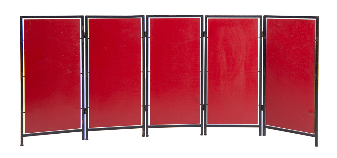 A French red and black lacquered metal five-panel screen, 1930s
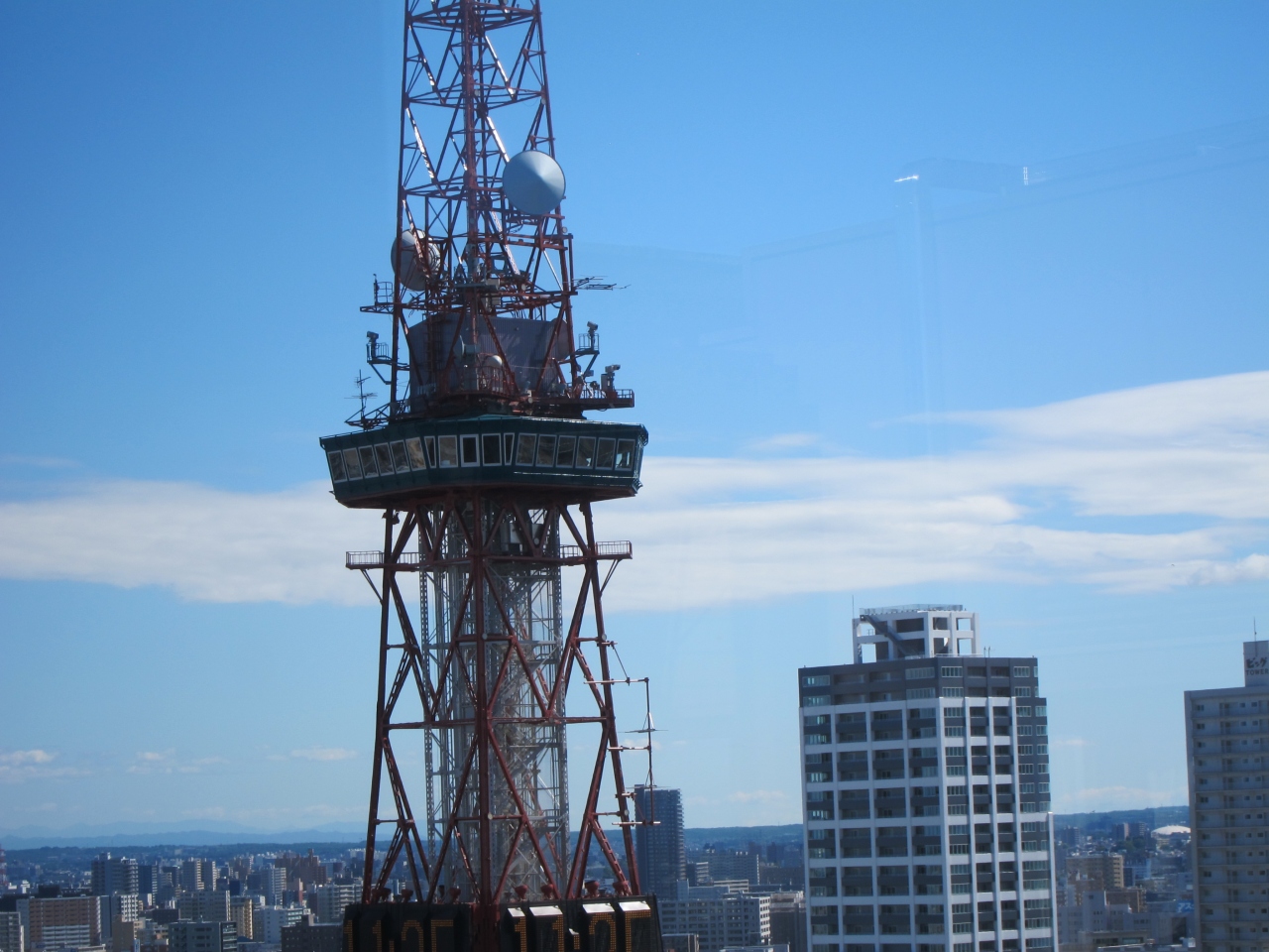 展望は南側の方が面白いと思います。目の前のテレビ塔と双璧をなすような感じですが、テレビ塔の展望台よりは少し低いのが分かります。真下に大通公園の東側の部分が見え、観光客や通行人が小さく見えます。奥には市街地が広がっており、建物の間にススキノの観覧車(ノルベサ)、銀色に輝く札幌ドームや奥には藻岩山、そして遠方には特異な山容の恵庭岳なども見えています。
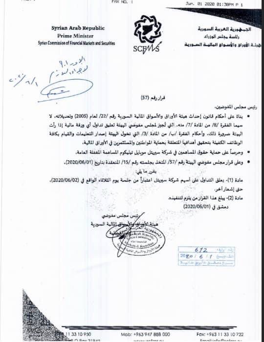 ونشرت “هيئة الأوراق والأسواق المالية السورية” قراراً اليوم الاثنين، قالت فيه إن مجلس المفوضين فيها قرر تعليق التداول على أسهم “سيريتل”، اعتباراً من جلسة يوم غد الثلاثاء 2 من حزيران.
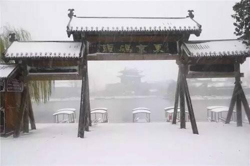 大雪遇上清明上河園,銀裝素裹下的虹橋、碼頭、官驛、食街美好的像是一幅畫……
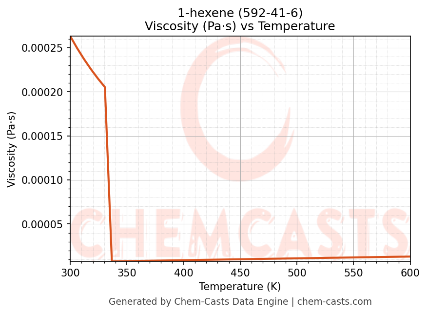 This page presents the temperature-dependent thermodynamic and transport properties of 1-hexene (CAS 592-41-6) calculated at a constant pressure of 1 atm (101325 Pa) over the temperature range 250-500 K.
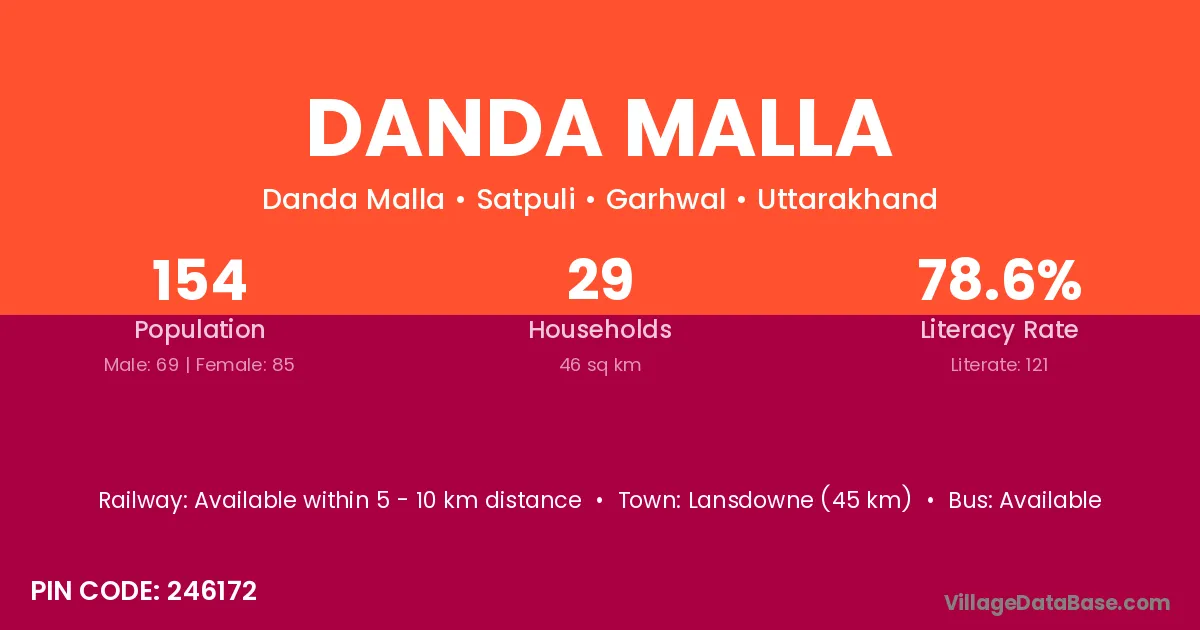 Lansdowne (45 km) is the nearest town to Danda Malla village for major economic activities and is located approximately 45 km away.
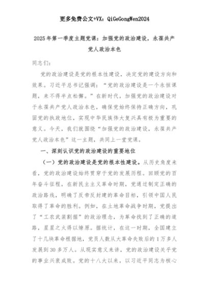 【七哥公文】2025年:2025年第一季度主题党课:加强党的政治建设,永葆共产党人政治本色+更多免费公文+VX:QiGeGongWen2024+更多免费公文+VX:QiGeGongWen2024
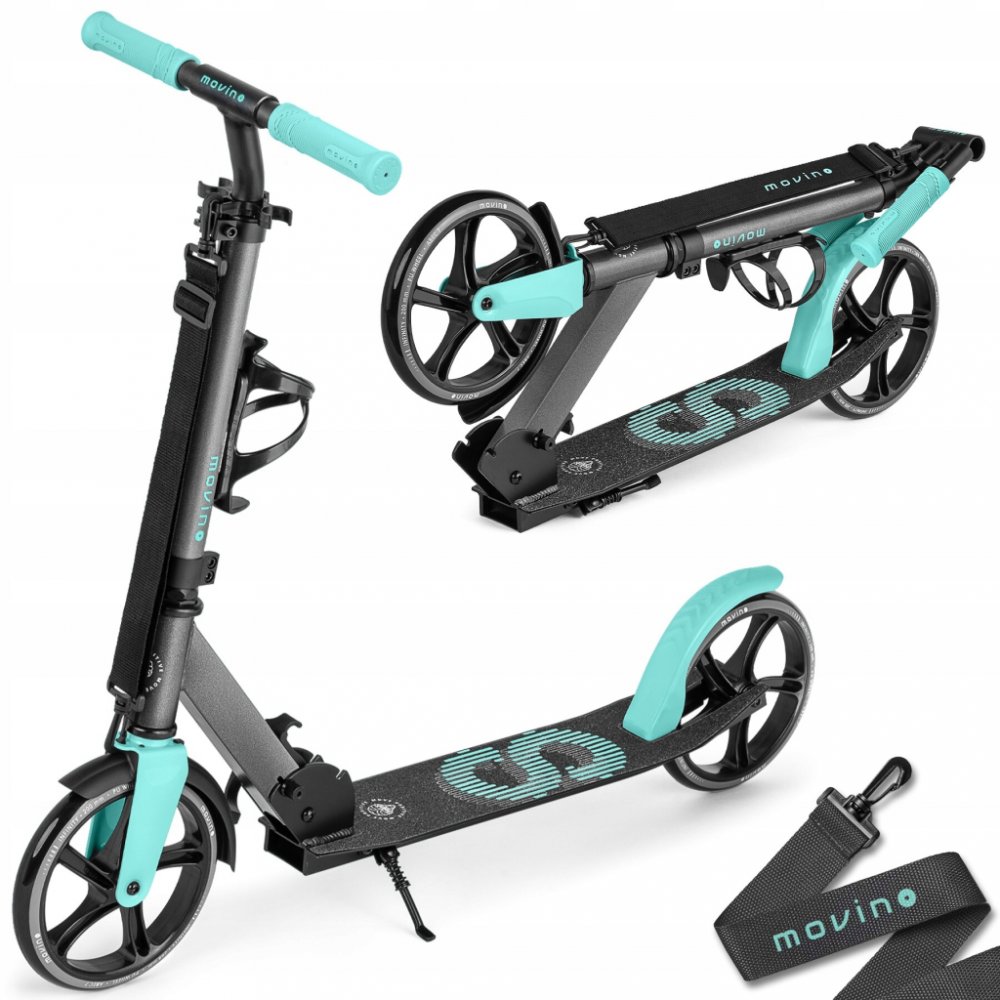 Transportní popruh a drážkování rukojetí Koloběžka Movino Infinity má pohodlný přepravní popruh, který bude užitečný každý den i na cestách. Pevný úchop je základem pohodlí a bezpečnosti. Movino Infinity má pohodlné, drážkované rukojeti, které zajišťují odpovídající uchopení. Držák na láhev Díky praktickému držadlu budete mít láhev s vodou vždy po ruce. Toto praktické příslušenství bude užitečné pro každého, kdo tráví spoustu času na koloběžce. Parametry

■ ■ ■ ■ ■ ■ ■

* What is being asked
Nothing but the pictures is to be left out; the rest of the listing should be copied exactly.

* Result
 A French red and black lacquered metal five-panel screen, 1930s
 展望は南側の方が面白いと思います。目の前のテレビ塔と双璧をなすような感じですが、テレビ塔の展望台よりは少し低いのが分かります。真下に大通公園の東側の部分が見え、観光客や通行人が小さく見えます。奥には市街地が広がっており、建物の間にススキノの観覧車(ノルベサ)、銀色に輝く札幌ドームや奥には藻岩山、そして遠方には特異な山容の恵庭岳なども見えています。
 ونشرت “هيئة الأوراق والأسواق المالية السورية” قراراً اليوم الاثنين، قالت فيه إن مجلس المفوضين فيها قرر تعليق التداول على أسهم “سيريتل”، اعتباراً من جلسة يوم غد الثلاثاء 2 من حزيران.
 大雪遇上清明上河園,銀裝素裹下的虹橋、碼頭、官驛、食街美好的像是一幅畫……
 This page presents the temperature-dependent thermodynamic and transport properties of 1-hexene (CAS 592-41-6) calculated at a constant pressure of 1 atm (101325 Pa) over the temperature range 250-500 K.
 Lansdowne (45 km) is the nearest town to Danda Malla village for major economic activities and is located approximately 45 km away.
 【七哥公文】2025年:2025年第一季度主题党课:加强党的政治建设,永葆共产党人政治本色+更多免费公文+VX:QiGeGongWen2024+更多免费公文+VX:QiGeGongWen2024
 Transportní popruh a drážkování rukojetí Koloběžka Movino Infinity má pohodlný přepravní popruh, který bude užitečný každý den i na cestách. Pevný úchop je základem pohodlí a bezpečnosti. Movino Infinity má pohodlné, drážkované rukojeti, které zajišťují odpovídající uchopení. Držák na láhev Díky praktickému držadlu budete mít láhev s vodou vždy po ruce. Toto praktické příslušenství bude užitečné pro každého, kdo tráví spoustu času na koloběžce. Parametry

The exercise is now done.